Actually, one can use box-drawing characters to make those few lines look like the output of tree. That lets you shrink the width of the output since virtual environments nest, leading to long paths. (Funny side note, my initial implementation was not always clearing the screen properly because it didn’t account for line wraps requiring clearing more lines than printed). At that point, I remembered that building zig generated precisely that kind of “scrolling tree” output. A quick web search took me to Zig’s New CLI Progress Bar Explained. Yikes, Andrew really went nuts on that “infallible and non-heap-allocating” implementation! For once, my laziness beat out my hubris and I decided to not reimplement Progress.zig in python. Instead, I decided to expose it to python.

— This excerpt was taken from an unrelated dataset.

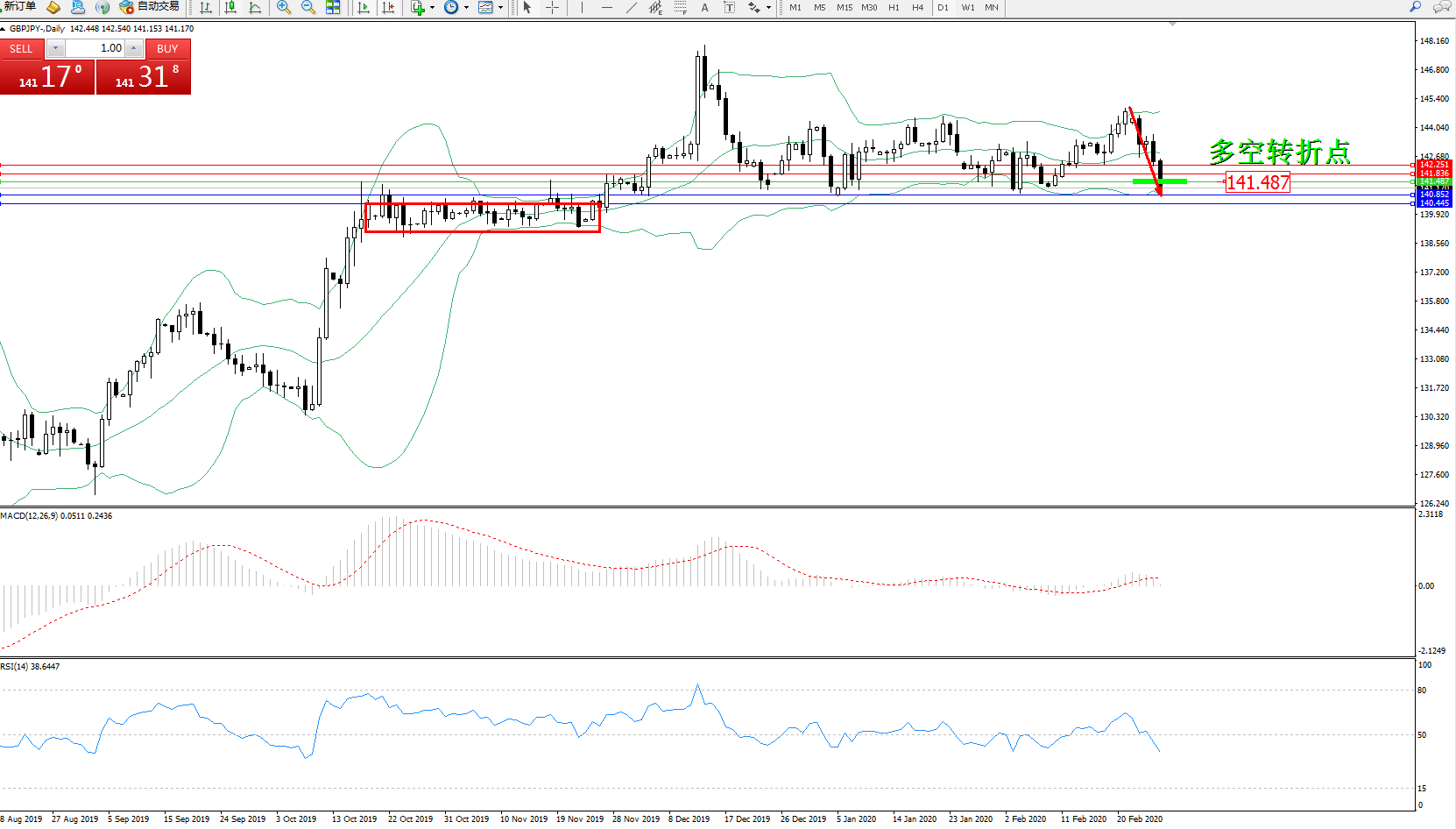 备选策略:141.487上方看涨,目标141.836、142.251

As luck would have it, I recently explored How do you call Zig from python? With that knowledge, I quickly whipped up

const std = @import("std");
const py = @import("pydust");

const root = @This();

pub const Progress = py.class(struct {
    const Self = @This();
    index: std.Progress.Node.OptionalIndex,

    pub fn __init__(self: *Self) !void {
        self.index = std.Progress.start(.{}).index;
    }

    pub fn start(
        self: *const Self,
        args: struct { name: py.PyString, estimated_total_items: usize },
    ) !*const Self {
        const parent: std.Progress.Node = .{ .index = self.index };
        const node = parent.start(try args.name.asSlice(), args.estimated_total_items);
        return py.init(root, Self, .{ .index = node.index });
    }

    pub fn end(self: *const Self) void {
        const node: std.Progress.Node = .{ .index = self.index };
        node.end();
    }

    pub fn complete_one(self: *const Self) void {
        const node: std.Progress.Node = .{ .index = self.index };
        node.completeOne();
    }
});

comptime {
    py.rootmodule(root);
}

based on zp.zig (with thanks to @bridgeQiao for removing root where it was not strictly needed).

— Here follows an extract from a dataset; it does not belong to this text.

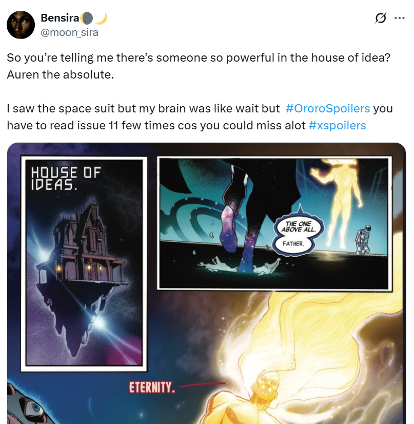 As of right now, I’m willing to assume that Ayodele will feature a flashback of Ororo detecting Eternity’s presence over her. I’m willing to assume that their meeting didn’t go well, and Ororo’s understandable hostility is what drove Eternity to not only leave Storm’s body as his vessel but leave the universe itself to go and ask his father, The One Above All, for help against Hadad. Storm did mention to Infinity she didn’t have the patience to sit through his “cruel, idiotic lessons.”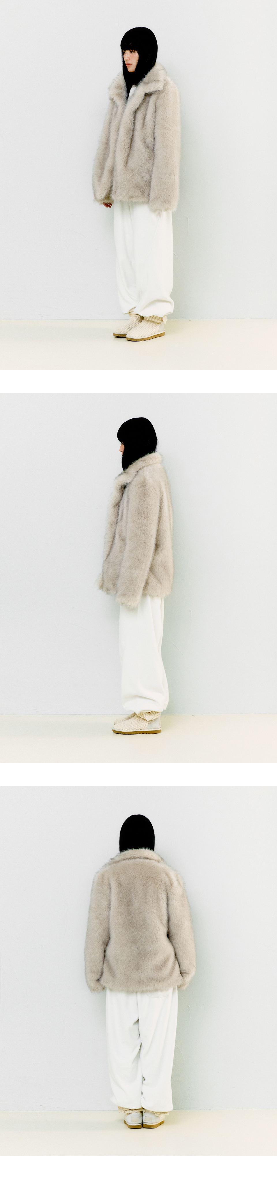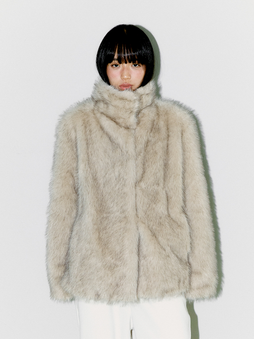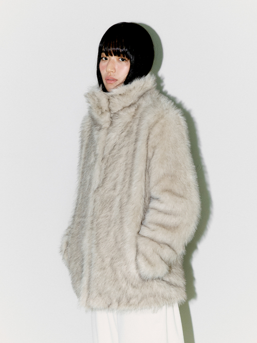 FLUFFY MIX FUR JACKET, LIGHT GRAY

Writing the code was trivial but getting meson-python to build and install it was a real trip, see mesonbuild/meson#14763. And it made CI almost 30s slower! I started wondering how much Ziggy Pydust’s comptime magic contributed to that slowdown so I ripped it out! That led me to discover and report a bug with the Zig toolchain. And the savings were barely noticeable. But, as the poet laureate of Bed-Stuy said it best: “And if you don’t know, now you know”.

Ok, cool, so what did we learn from all this? To me, the real amusing part was the relative ages of the various bits of software involved in the making of this silly utility. In chronological order:

Component	Year	Role played
Linux Signals	1972	Handle SIGWINCH to truncate lines and erase correctly
Control Sequence Introducers	1976	Manipulate standard output beyond appending to it
ZIP file format¹	1989	Because that’s what AWS chose in 2014
Python	1989	High-level and general-purpose
Meson	2013	Best build backend for compiled extension
Zig	2016	“programming language designed for making perfect software”
Ziggy Pydust²	2023	“Framework for building native Python extension in Zig”
uv	2024	“extremely fast Python package installer and resolver”

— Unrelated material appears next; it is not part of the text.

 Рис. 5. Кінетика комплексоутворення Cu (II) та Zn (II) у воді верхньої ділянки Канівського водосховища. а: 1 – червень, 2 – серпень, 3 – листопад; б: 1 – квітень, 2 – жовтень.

If anything, this proves that, in the world of software, maybe you can teach old dogs new tricks! Obviously, all of this goes back to the Von Neuman architecture from 1945 but that’s true of every software project so I chose to leave it out. The above selection is trying to enumerate choices that are particularly salient to the tool being discussed.

Truncating is one way to avoid line wraps but the VT100 has escape sequences to control auto wrap ("\N{escape}[?7l") ↩
“It’s not the destination, it’s the journey.” ― Ralph Waldo Emerson ↩